Après être monté à bord avec son certificat d’initiation nautique, il a ainsi pu se former sur le tas. “Tu accumules l’expérience et quand tu te sens prêt, tu passes le diplôme.”

 

Pas le mal du pays

 

Même par téléphone, impossible de ne pas ressentir à quel point Matuanui Fao est épanoui. À la différence de nombreux Polynésiens, il a appris à supporter le mal du pays. En septembre, cela fera deux ans qu’il n’a pas revu les cimes de l’Aorai. “J’imagine que c’est typique de chez nous d’avoir le mal du pays. De mon côté, je m’en suis pris tellement plein les yeux. À chaque fois que je rentre à la maison, j’ai tellement de choses à raconter. Et puis de nos jours, avec les réseaux sociaux, je partage mon quotidien. Même ma maman me dit de continuer car à chaque fois que je rentre, je tourne en rond. Cela me fait plaisir de revenir, voir la famille, les amis, mais au bout de deux semaines, je tourne en rond.”

Retrouver un nouvel équipage et un nouveau navire n’est désormais plus un souci, la crise de l’emploi, pour lui, n’existe pas. “C’est un petit monde, tu te fais ton réseau et si tu donnes satisfaction aux autres membres d’équipage… certains sont devenus capitaines, si je les appelle, c’est certain qu’ils me recruteront.”
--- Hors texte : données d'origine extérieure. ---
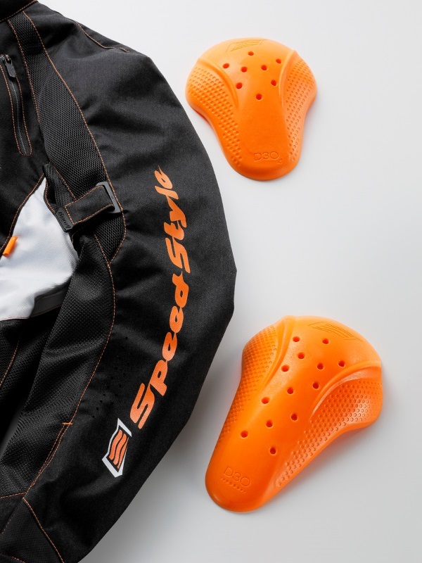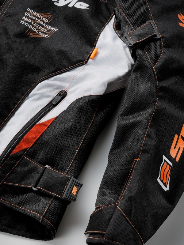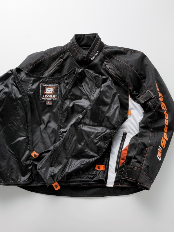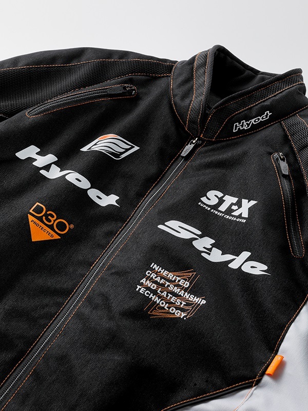| 內部設有HYOD D3O®胸部防護墊的附件(魔鬼氈),一體式胸部防護墊可在兩處固定,分體式則在左右各一處固定。 | 雙袖上刺繡有SPEED STYLE質感標誌,前身印有在紡織材料服裝上廣受好評的“SPEED-iD”設計。HYOD徽章、ST-X標誌、HYOD STYLE與SPEED STYLE標誌以酷炫且華麗的方式呈現。 | 上臂與腰側部分配備了黏扣帶調節器,能有效防止高速行駛時的抖動並調整夾克本體的貼合感。這是Speed Style概念服飾的一個性能部件。 |
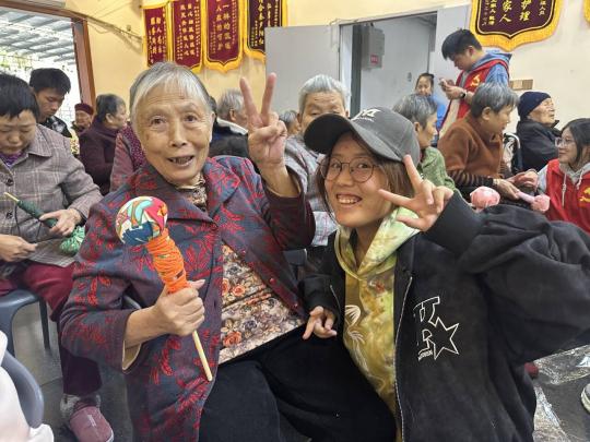 为践行志愿服务精神,弘扬中华民族尊老、敬老、爱老、助老的传统美德,引导青年党员在社会服务中锤炼党性、践行初心,建筑与土木工程学院学生第一党支部联合2025级给排水(专升本)1班、给排水1班、房建1班团支部于2025年10月25日下午走进永川区夕阳之家敬老院开展以“青春映党徽,重阳暖桑榆”为主题的党日活动,此次活动旨在将温暖的陪伴与切实的服务送至老人身边,让尊老敬老之风浸润心田,让志愿精神在实践服务中绽放光芒。 活动当日,全体志愿者在学校门口集合,统一乘坐大巴车抵达夕阳之家。在与敬老院负责人顺利完成对接后,志愿者们带着精心准备的慰问品和活动物资,满怀热情地走进了老人们的生活区域。为了将老人们妥善地引导至活动室参与接下来的互动,志愿者们细心搀扶行动不便的老人坐上轮椅,或稳步陪同他们走向活动场地,并关切地询问他们的身体状况和日常起居,原本安静的走廊渐渐充满了温暖的问候与笑语。 活动伊始,志愿者们用一套简单易学的手指操迅速拉近了与老人们的距离。在轻快的背景音乐下,志愿者们分散在老人身边,一边进行示范,一边耐心讲解动作要领。“来,爷爷奶奶,我们一起伸出双手,先活动一下大拇指……”老人们兴致勃勃地跟着志愿者的口号,认真屈伸手指、对压指尖。现场气氛温馨而活跃,一些原本拘谨的老人也逐渐放松下来,脸上露出了开心的笑容。这套手指操不仅有效帮助老人们刺激穴位、促进手部血液循环,更在轻松的互动中消融了初见的陌生感,为后续活动的顺利开展营造了融洽的氛围。 随后进入艾草锤手工制作环节,志愿者们将预先准备好的艾草球、长布条和短木棒等材料分发到每位老人手中。制作过程中,志愿者们或“一对一”或“一对多”地守在老人身旁,细致地演示每一个步骤:如何用棉布完美包裹并利用绳子巧妙地固定出锤头,最后再将木柄牢牢系紧。在志愿者们的帮助下,一位奶奶在完成了自己的第一个艾草锤后高兴地说:“没想到我这么大年纪了,还能自己做个小锤子,闻着艾草的香味,感觉整个人都舒服多了。”活动现场欢声笑语不断,当一个个充满艾草清味的养生锤在老人们手中陆续成型时,他们脸上洋溢的自豪与喜悦的笑容,成为了活动现场最动人的风景。这些亲手制作的艾草锤,不仅承载着实用的养生价值,更凝结了志愿者们浓浓的关爱与陪伴的温情。 接下来,在洪亮的歌声中志愿者给老人分发零食。几首大家耳熟能详的经典老歌被志愿者演唱得绘声绘色,歌声悠扬,瞬间把整个场地的气氛点燃了。许多老人不由自主地跟着哼唱,大家仿佛回到了那些美好的时光,彼此间的距离也因为音乐变得更加亲近。与此同时,另一组志愿者开始分发面包、香蕉和饼干等小点心,香甜的味道弥漫在空气中,老人们纷纷接过,笑容满面。一位奶奶捧着香蕉,笑着说:“吃着甜甜的香蕉和你们说说话,真好。”这一刻,志愿者与老人们之间的情感在歌声和美食中悄然滋长,场面温馨而动人。 通过此次重阳节敬老院主题党日活动,老人们不仅享受到了细心的照顾和欢乐的时光,也在互动中感受到了党的关怀与温暖。志愿者们带领老人们做手指操、制作艾草锤,并一同唱歌,整个活动氛围温馨愉快。党员同志们在服务中进一步领悟到“我将无我,不负人民”的初心使命,深刻感受到为民服务的责任与担当。建筑与土木工程学院学生第一党支部将继续发扬先锋模范作用,以实际行动传递党的关怀,让更多的老人感受到社会的温暖和党的力量,为弘扬中华优秀传统文化、推动社会和谐贡献青春力量。
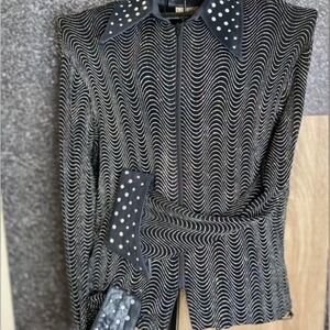 Black Glitter Slinky Show Shirt. Worn for one season then put up for a few years in protective garment bag.
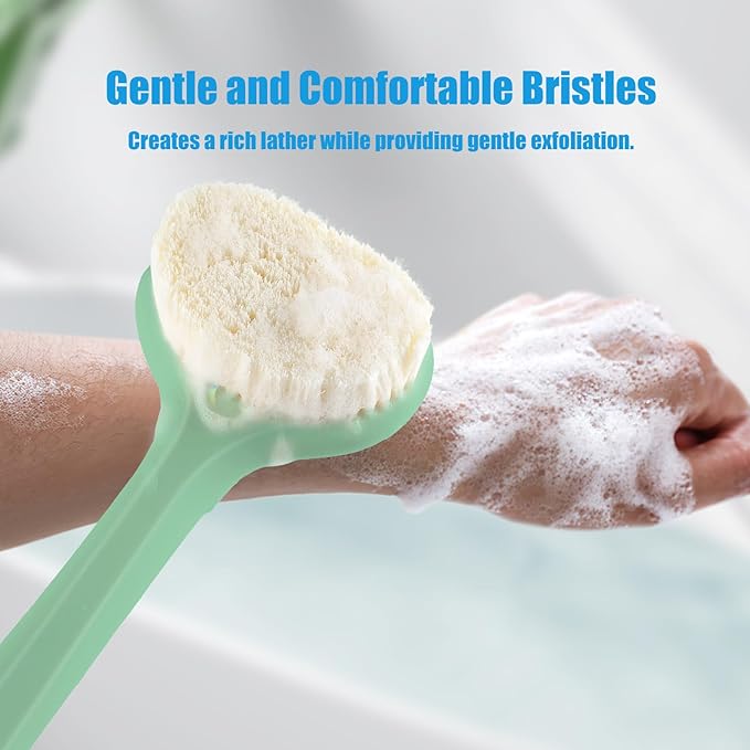 - ANTI-SLIP 17-INCH LONG HANDLE: Tired of slippery shower brushes that slip out of your hand, especially when wet? Our shower brush features a non-slip silicone handle that ensures a secure, comfortable grip, minimizing slippage and giving you better control throughout your shower. The 17-inch ergonomic, curved handle not only extends your reach but also makes it easy to clean even the hardest-to-reach areas of your back and body, all without straining your arms or shoulders.
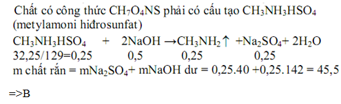 Cho 32,25 gam một muối có công thức phân tử CH7O4NS tác dụng hết với 750ml dung dịch NaOH 1M đun nóng thấy thoát ra chất khí làm xanh quỳ tím ẩm và thu được dung dịch X chỉ chứa các chất vô cơ. Cô cạn dung dịch X thu được bao nhiêu gam chất rắn khan?
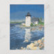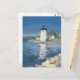 Grindle Point Lighthouse postcard. This postcard features Grindle Point Lighthouse gleaming in the late morning sun of a spring day in Islesboro, Maine. The painting uses a brilliant palette of blues, greens, greys, and oranges to create a beautiful, calm view of the unique square lighthouse tower and lightkeeper’s house.
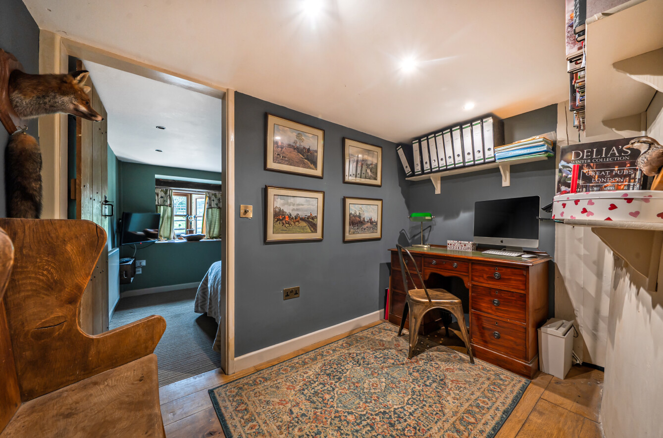The ground floor also includes a cloakroom, a utility room, and a further bathroom, providing well planned and highly functional spaces throughout. An inner office has been thoughtfully created at the heart of the home, with a door leading into a ground floor bedroom.
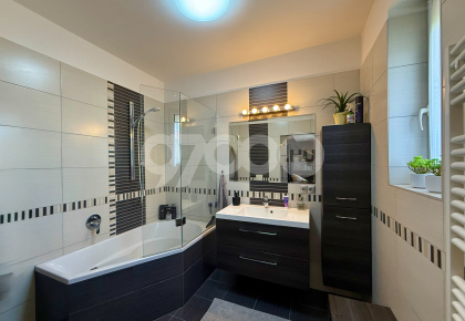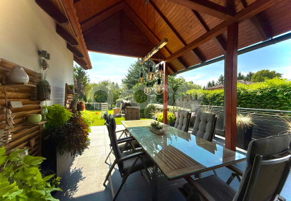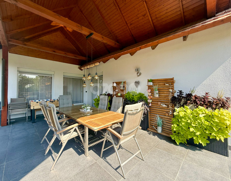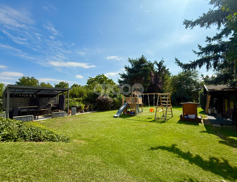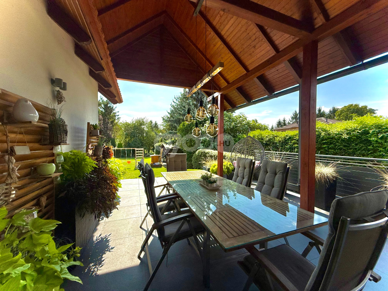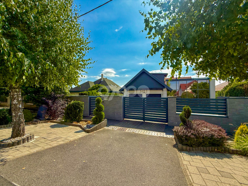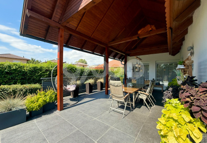 Külön említést érdemel az ingatlan parkosított kertje, mely az utcai bejárattól kezdve a leghátsó kerítésig harmonikus egységet képez, kiemelve a ház bejáratához közeli csobogót. A funkcionalitás kültéren is megjelenik: a szükséges felületeken térkő, a szabadidő természetbeni eltöltésére szépen gondozott gyep, fedett és nyitott terasz biztosít teret.
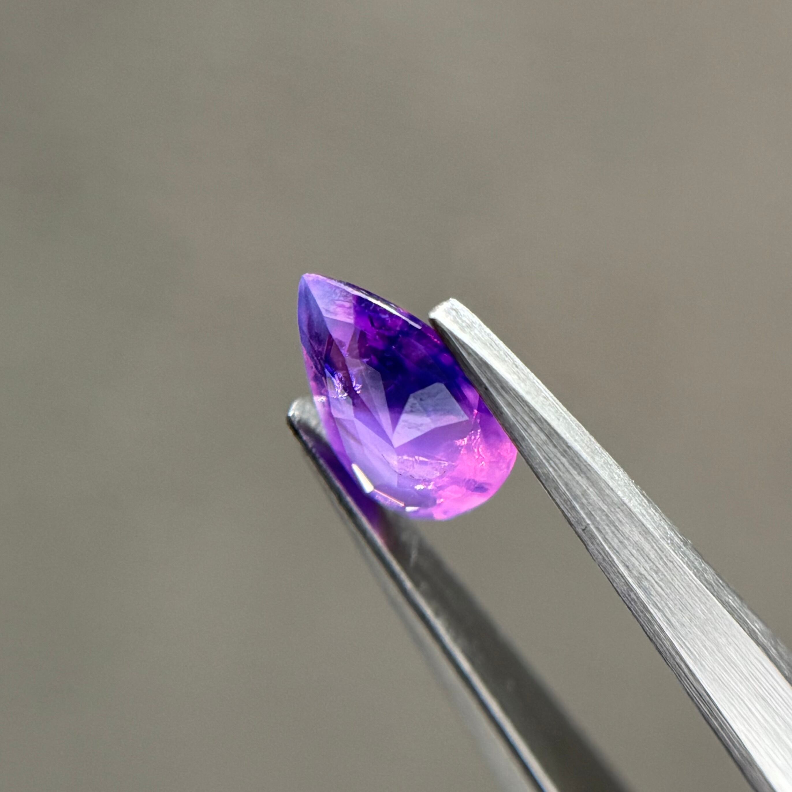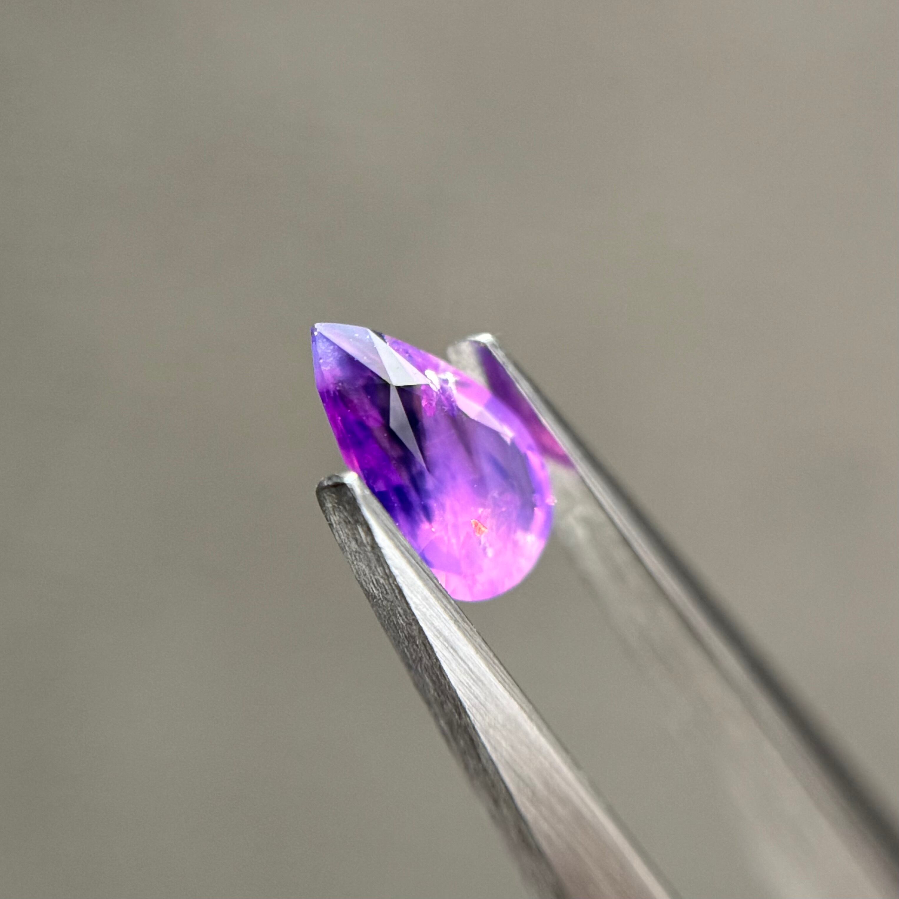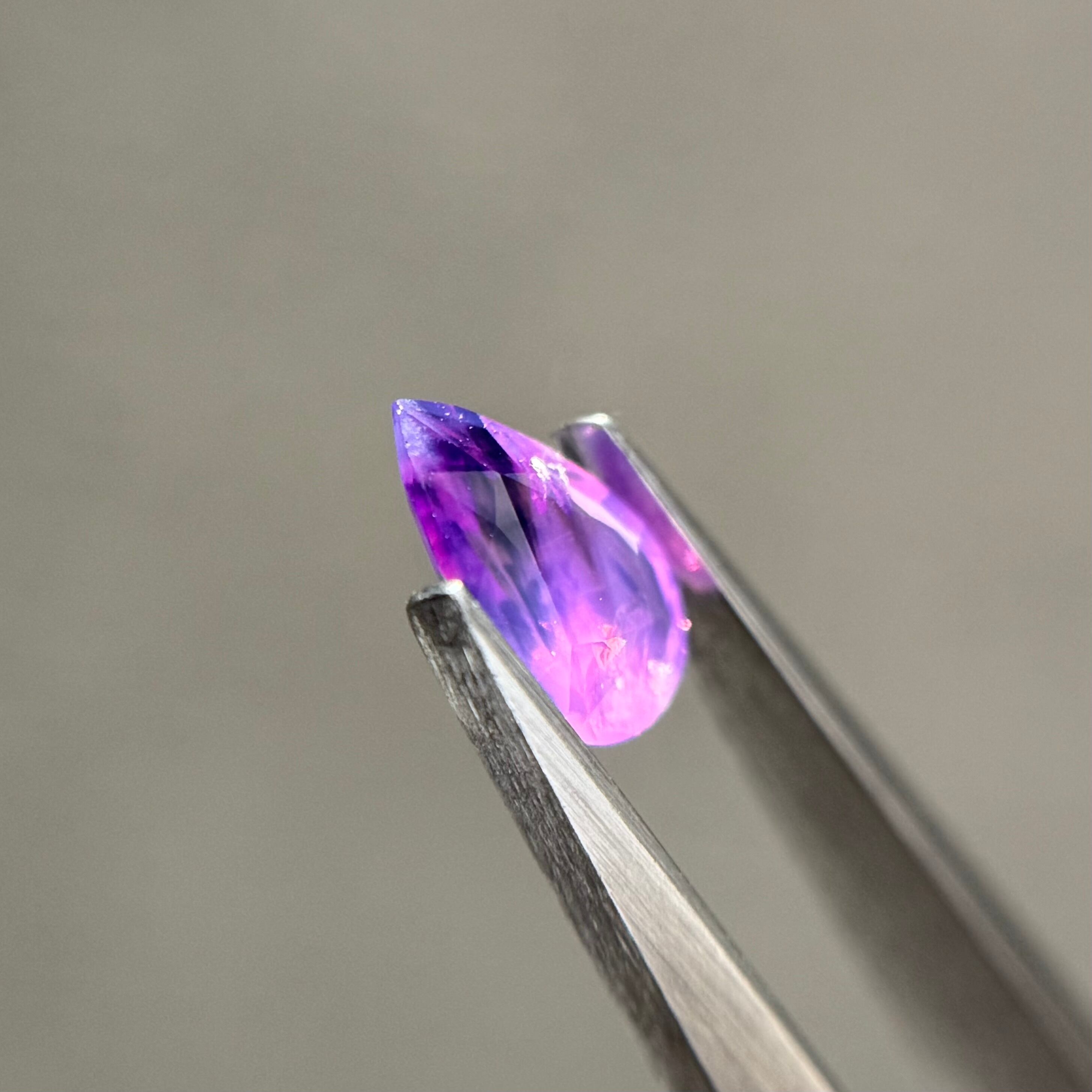 まるで小宇宙を閉じ込めたかのような幻想的な色合いのシルキーサファイアです。傾けた時に青だまり部分に濃いピンクのテリがチラッと見えるのがたまらないです。テーブルとパビリオンにそれぞれ虹が確認できます(18-20枚目)
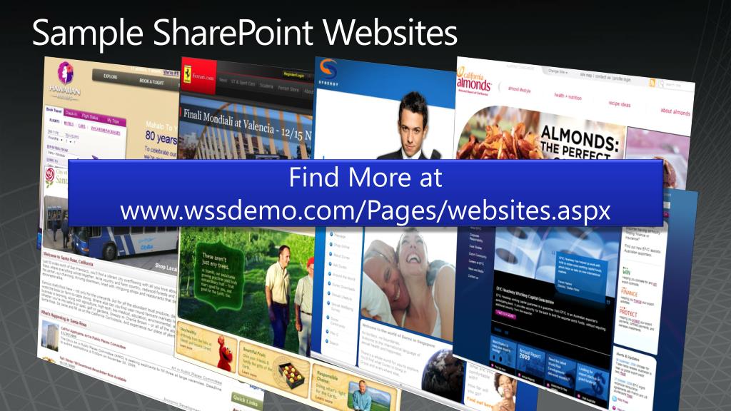 Sample SharePoint Websites Find More at www.wssdemo.com/Pages/websites.aspx
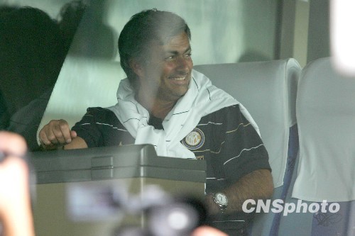 图为主教练穆里尼奥走出机场坐上大巴车。中新社发 富田 摄
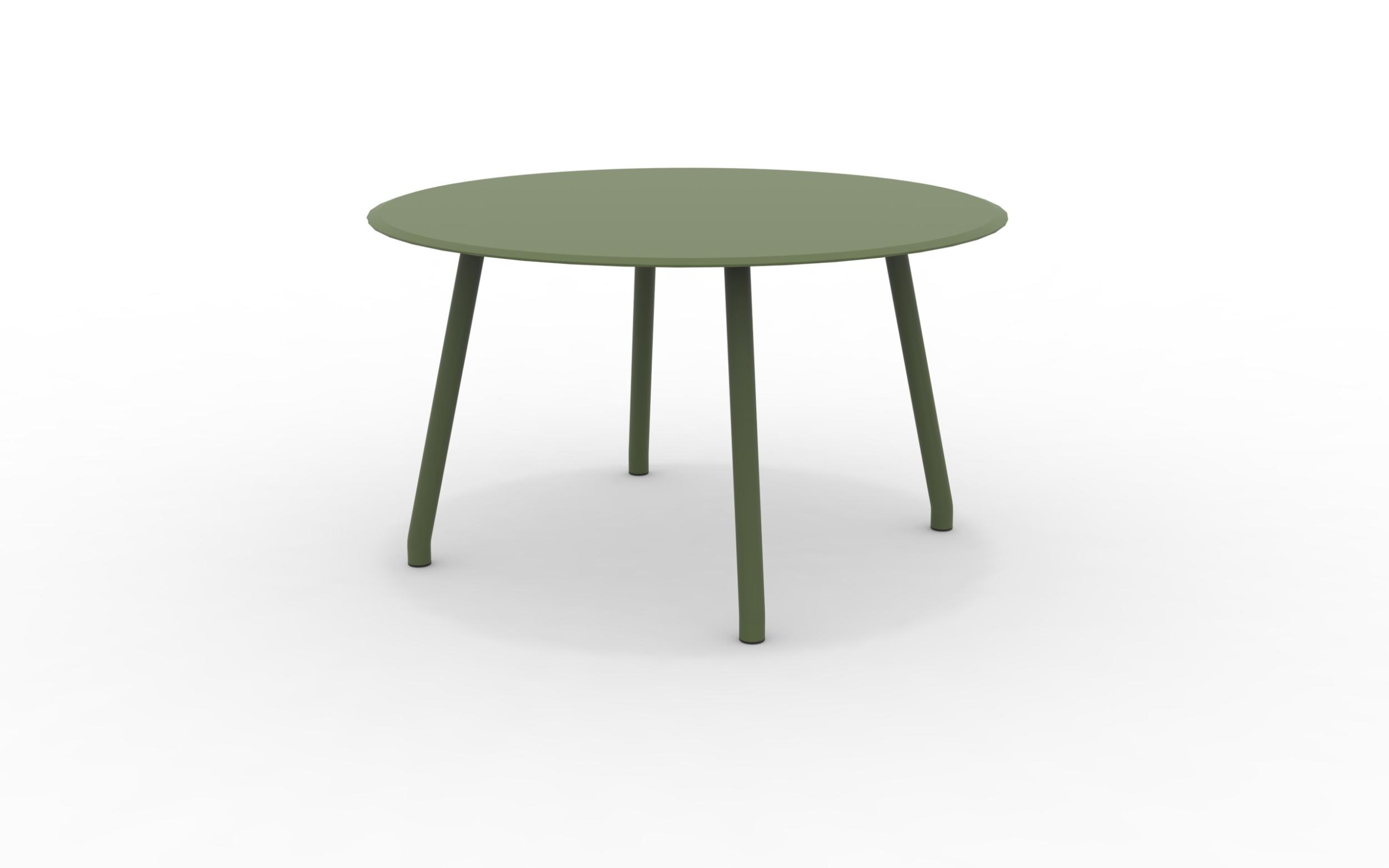 Tavolo Verdea rotondo di Vermobil in alluminio. Adatto per l'esterno e disponibile in diverse finiture. Tavolo con bordo smussato. Tavolo smontabile.

Le jeune homme l’admet : son métier “gagne bien, et puis on est nourri, logé, blanchi.” Seule une ombre pourrait l’empêcher de poursuivre cette vie de rêve éternellement. “Je ne pense pas que je pourrai faire cela toute ma vie, en tout cas, pas si je veux fonder ma petite famille. Mais je connais des gens qui font avec, ce n’est pas impossible. Si un jour je trouve une femme qui comprend ma passion ou fait le même métier, ce n’est pas impossible. Mais il est sûr que c’est compliqué.” Pour autant et c’était l’objet de son e-mail, Matuanui ne comprend pas les complaintes qu’il constate au sein de la jeunesse polynésienne, et l’invite, si elle se sent si mal, à suivre son chemin : “faire son sac et mettre les voiles ».

« Quand je lis les commentaires sur les réseaux, j’ai envie de les inciter à s’ouvrir l’esprit sur autre chose. Nous sommes gâtés avec notre vie en Polynésie après avoir vu de mes propres yeux ce qui se passe ailleurs. On est vraiment chanceux et, souvent, on oublie que la misère n’est pas si loin de chez nous.”

Selon lui, se retrouver un jour aux Caraïbes, un autre en Alaska est à la portée de tous. “Mon premier capitaine me disait : ‘Tu as deux bras, une cervelle entre les deux, et tu sais utiliser le tout, c’est déjà un bon début.’ Évidemment, il faut avoir le pied marin, ne pas avoir peur de bouger, de ne pas être à la maison. Nous ne sommes pas beaucoup de Polynésiens dans ce métier. Dans mon milieu, les gens s’en étonnent car nous sommes un peuple de la mer.”